# Init

Initialize the dataset used for the experiments.
Idea behind the caching mechanism: 

The class *MetaSet* holds instances of the class *DataSet*, which implement all functionality to acces cached features, groundtruth, etc.

Most of this is cached properly (i.e. when you call a function the first time, the calculation is done, then the cache is loaded). 

However there are some functions which are implemented differently: 
For these there is a *add* or *make* function and a *get* function, where the first makes the calculation and generates the cache and the second loads the cache. 

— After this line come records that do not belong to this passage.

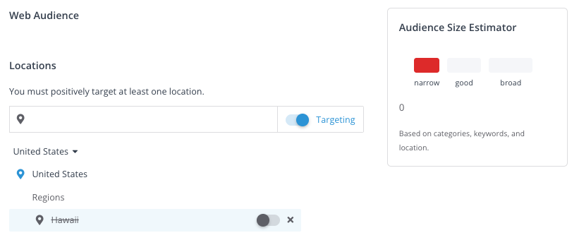 Choose your Web Audience Location by including countries, states/regions, cities, or zip codes. You can also apply exclusions. In the example below we are targeting the United States, excluding the state of Hawaii.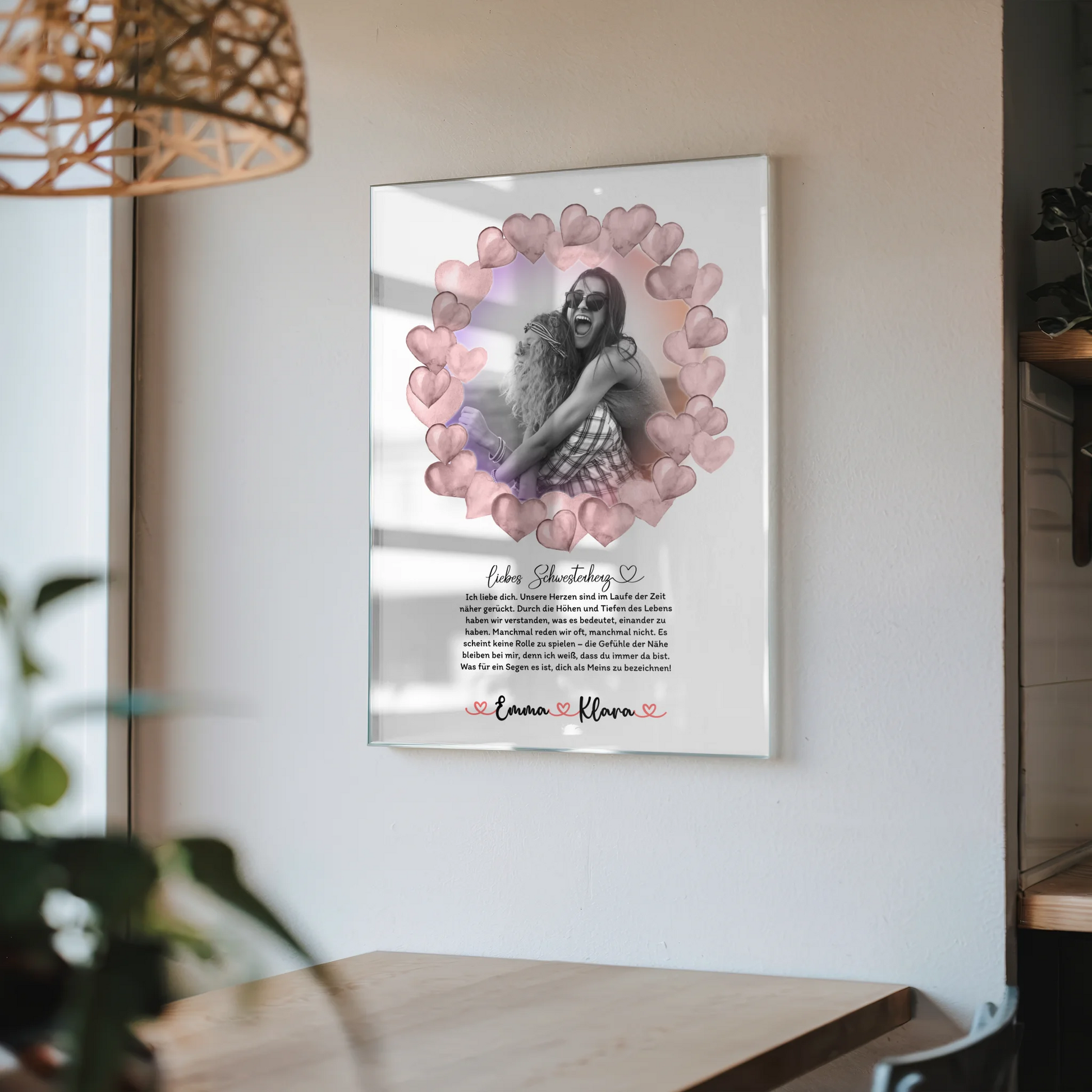 Material und Verarbeitung: Hochwertiges Acrylglas für tiefe Kontraste und intensive Farben, präziser Fotodruck für feine Details und langlebige Oberfläche. Das Wandbild eignet sich besonders als Geschenk zur Geburtstag und zeigt mit dem Spruch Schwester Ich Liebe Dich genau die richtige Botschaft. Gestalte dein persönliches Wandbild mit Foto, Namen und Wunschtext und schaffe ein emotionales Erinnerungsstück, das lange Freude macht.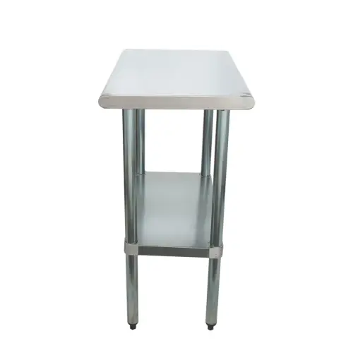 This commercial work table is a bull nose design in the front and back and a flat lip design on both sides which meets at 90° degrees. The edges are welded and grounded smooth, keeping your workplace safe.

Specifically, this is the case for:

* Input Volumes: Make cache: *add_raw*, *add_input*, Get cache: *inp*
* Oversegmentations: Make cache: *add_seg*, Get cahce: *seg*
* Groundtruth: Make cache: *add_gt*, Get cache: *gt*
* Cutouts: Make cache: *make_cutout*, Get cache: *get_cutout*
* Inverse Cutouts: Make cache: *make_inverse_cutout*, Get cahce: *get_inverse_cutout*
* Tesselations: Make cache: *make_tesselation*, Get cache: *get_tesselation*

If you want to make one of these objects after the initialisation, you have to once call:

ds.make_something()

meta.update_dataset(ds.ds_name, ds)

meta.save()

See the *train_test_split* notebook for an example, where two cutouts are added.

You can obtain the data for this example from 
https://www.dropbox.com/s/lddsbulvi82x902/neurocut_examples.tar.gz?dl=0
or use your own.

In [1]:
# we will need numpy and vigra somewhere
import numpy as np
import vigra
from neurocut import MetaSet, DataSet, multicut_from_rf_gt, MCParams
# imports from Neurocut
#from MetaSet import MetaSet
#from DataSet import DataSet
#from MCSolver import multicut_from_rf_gt, MCParams

# initialize the MetaSet, that holds all datasets for experiments
# folder for saving the cache
#cache_folder = "/path/to/cache"
cache_folder = "/home/consti/Work/data_master/cache_neurocut/cache_examples"
meta = MetaSet(cache_folder)

In [2]:
# initialize the dataset 
# you should only call this once,
# otherwise the cache is calculated again

# Dataset for the tests 
dataset = DataSet(cache_folder, "dataset")

# path to the raw data
#raw_path = "/path/to/neurocut_examples/raw_data.h5"
raw_path = "/home/consti/Work/data_master/sopnetcompare/neurocut_examples/raw_data.h5"
raw_key  = "data"
# add the raw data to the dataset,
# once we have done it, it is cached and can be called with dataset.inp(0)
dataset.add_raw(raw_path, raw_key)

# path to the probability map
#probs_path = "/path/to/neurocut_examples/probability_map.h5"
probs_path = "/home/consti/Work/data_master/sopnetcompare/neurocut_examples/probability_map.h5"
probs_key  = "data"
# can be called with dataset.inp(1)
dataset.add_input(probs_path, probs_key)

# path to the superpixels
#seg_paht = "/path/to/neurocut_examples/oversegmentation.h5"
seg_path = "/home/consti/Work/data_master/sopnetcompare/neurocut_examples/oversegmentation.h5"
seg_key  = "superpixel"
# can be called with dataset.seg(0)
dataset.add_seg(seg_path, seg_key)

# path to the groundtruth
#gt_path = "/path/to/neurocut_examples/groundtruth.h5"
gt_path = "/home/consti/Work/data_master/sopnetcompare/neurocut_examples/groundtruth.h5"
gt_key  = "gt"
# can be called with dataset.gt()
dataset.add_gt(gt_path, gt_key)

meta.add_dataset("dataset", dataset)
meta.save()